Post: Real Estate Syndications: Who's Taken the Leap and How Did It Pay Off?

Greg Scott
Pro Member
#1 General Real Estate Investing Contributor
Posted
  • Rental Property Investor
  • SE Michigan
  • Posts 3,828
  • Votes 5,523
Quote from @Paul Azad:
Quote from @Greg Scott:
Quote from @Henry Clark:
Quote from @Greg Scott:

I have invested in over 50 syndications, of which about 45 are still active.  I have also done four syndications myself.  Of course, on the syndications we put together, we get some compensation for our efforts, so I'll ignore those when discussing my returns below.

Of the 11 deals we've had that have gone full cycle, we are averaging about a 40% annualized rate of return.  Of those 11, only one had net loss, and clearly the others did very well with outsized returns.

Of the 45 that are still active, the returns have been a little softer the past two years, and we had two small capital calls.  On the other hand, we also had three provide cash-out refinances.  My quarterly cash distributions hit bottom about a year ago and have been on the rise since then.  About 1/3 are still not providing distributions but their cash position is strong and I'm not concerned about them potentially selling at a loss.  Six of them just launched this year, so I wasn't expecting distributions anyways.

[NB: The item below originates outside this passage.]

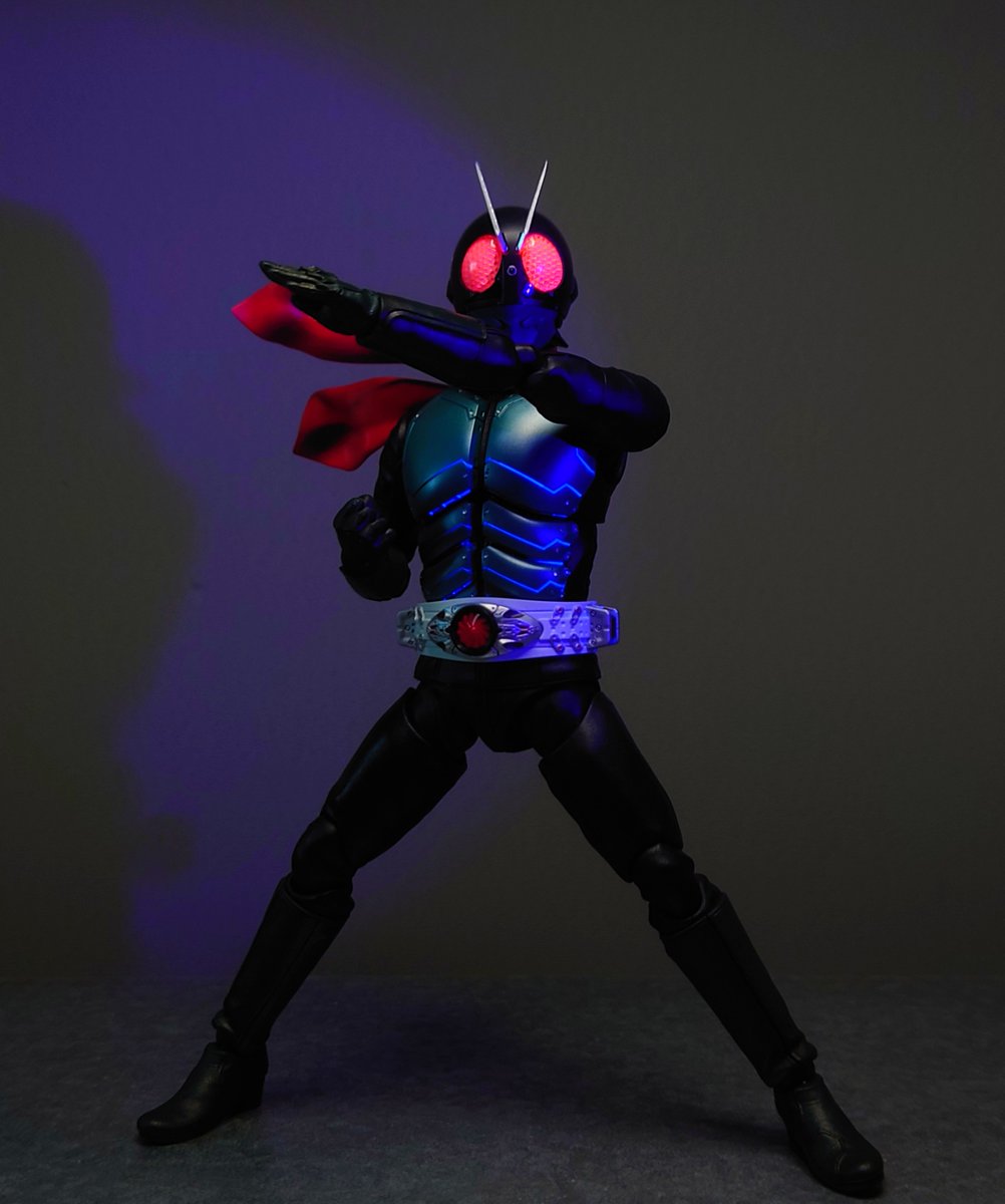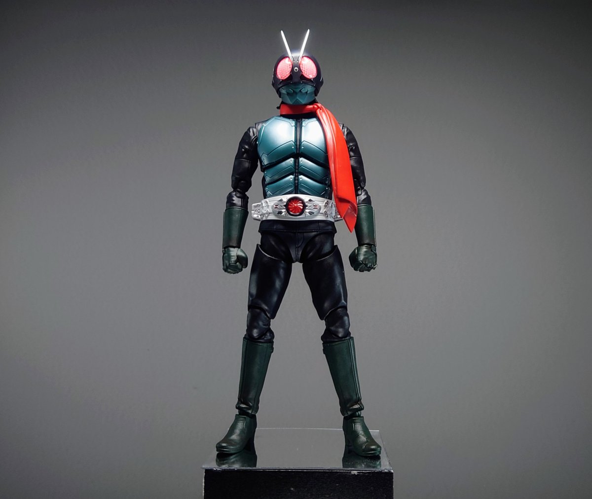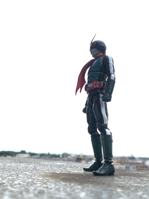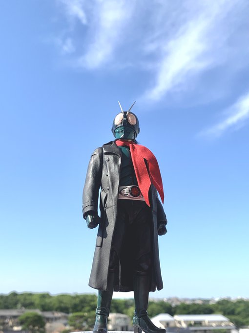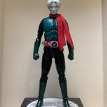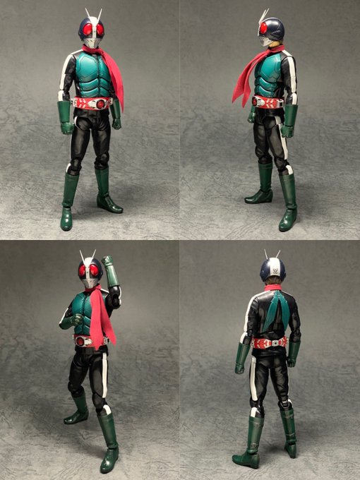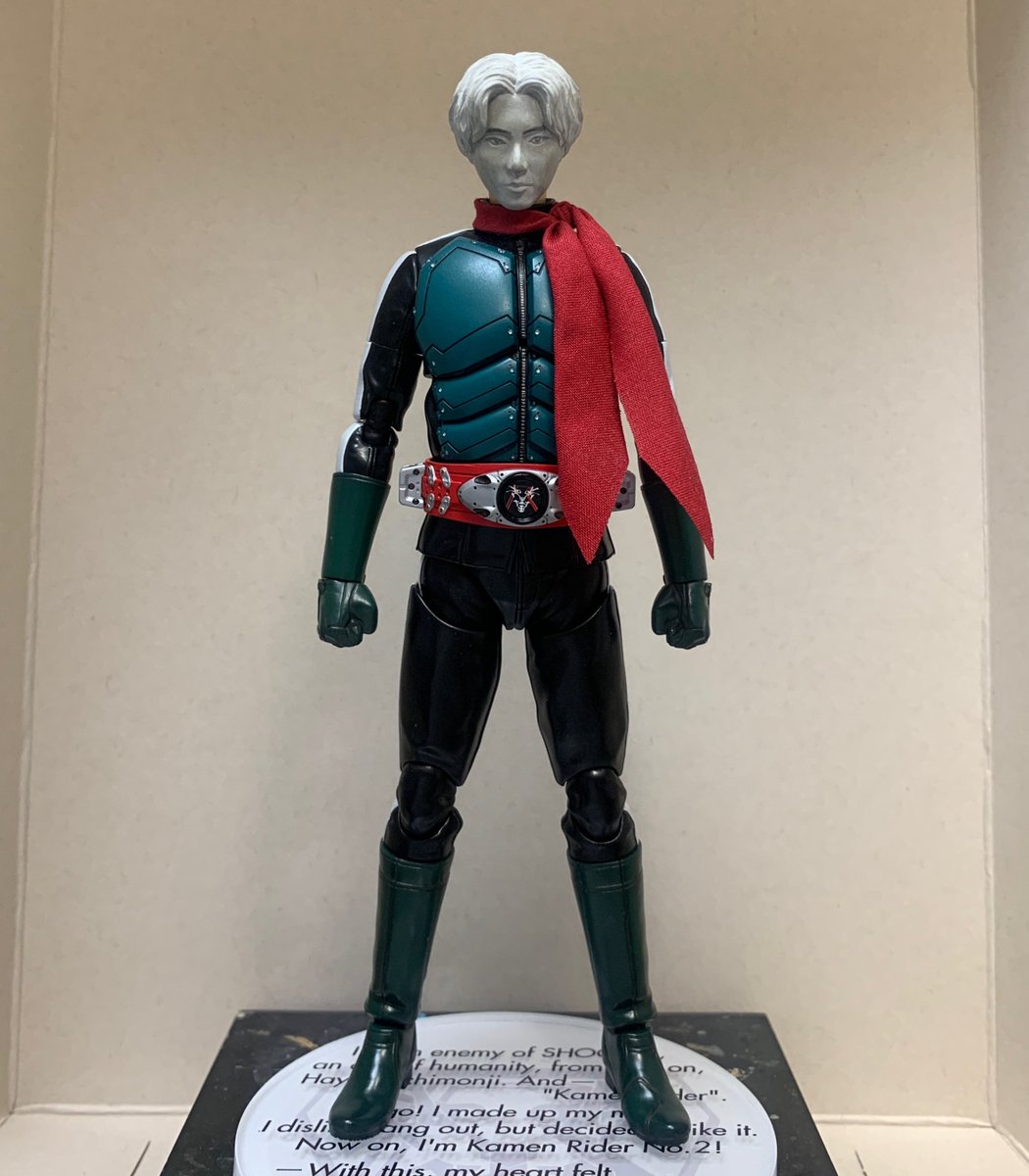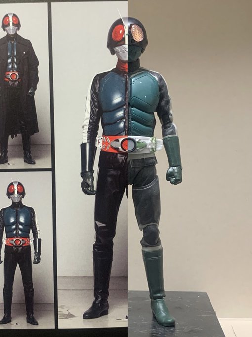 はい!仮面ライダー第2号、あらためて完成です!#バンダイ #フィギュアライズスタンダード 仮面ライダー(#シン・仮面ライダー)をベースに専用のタイフーンとブーツを制作、プロポーションを長身細身体型に改修しスーツの帯を追加しました!

These syndications have change life.  I am truly blessed.

However, you should know that these syndications are not available to everyone.  I am a member of a private group that puts these syndications together ONLY with members of the group.  They have rules and best practices about how we put these deals together which has collectively saved us from much of the pain being experienced right now in the multifamily space.


 Thanks for insight.  When you say 40% annualized is that per year or over the entire life cycle.  Example if 3 years then say 13% return each year?  Or 40% each year for 3 years?  

Great job on the due diligence or Operational process you have going.  

This image summarizes my syndication returns on deals that have gone full cycle.  I haven't added the 11th, the one that lost about 60% of value.  They haven't fully closed out the deal yet, so I don't know exactly where it will end up.

 Congratulations Greg, Those are amazing returns from. 2014 to 2023 over a 10 year span to average 40 per cent is phenomenal. What are some of the guidelines you and your group have used to keep you out of trouble? And get those incredibly good returns? Were all these deals multifamily value add or any core deals? Thank you.


Paul:

The answer to your question is the rules we have within our group.  It really forces the syndicator to be more conservative in their underwriting.  The key rules are as follows:

1) Syndicator MUST have significant skin in the game, including 10% of the money raised in the first deal, 8% of the second, and 3% of the third
2) The only fees allowed are 5% of revenue for property / asset management, which is enough to put food on the table, but not incentivize people to just buy, buy, buy
3) The only compensation is 20% of the profit (less on the first 2 deals)
4) Rapid acquisition is not allowed.

Post: Question about taking out home equidy loan to lend to my LLC for investment property.

Greg Scott
Pro Member
#1 General Real Estate Investing Contributor
Posted
  • Rental Property Investor
  • SE Michigan
  • Posts 3,828
  • Votes 5,523

The risk you are describing is really the same risk every investor faces. There is no 100% guarantee out there.

Managing your property properly and having great insurance are probably the two best ways to protect yourself.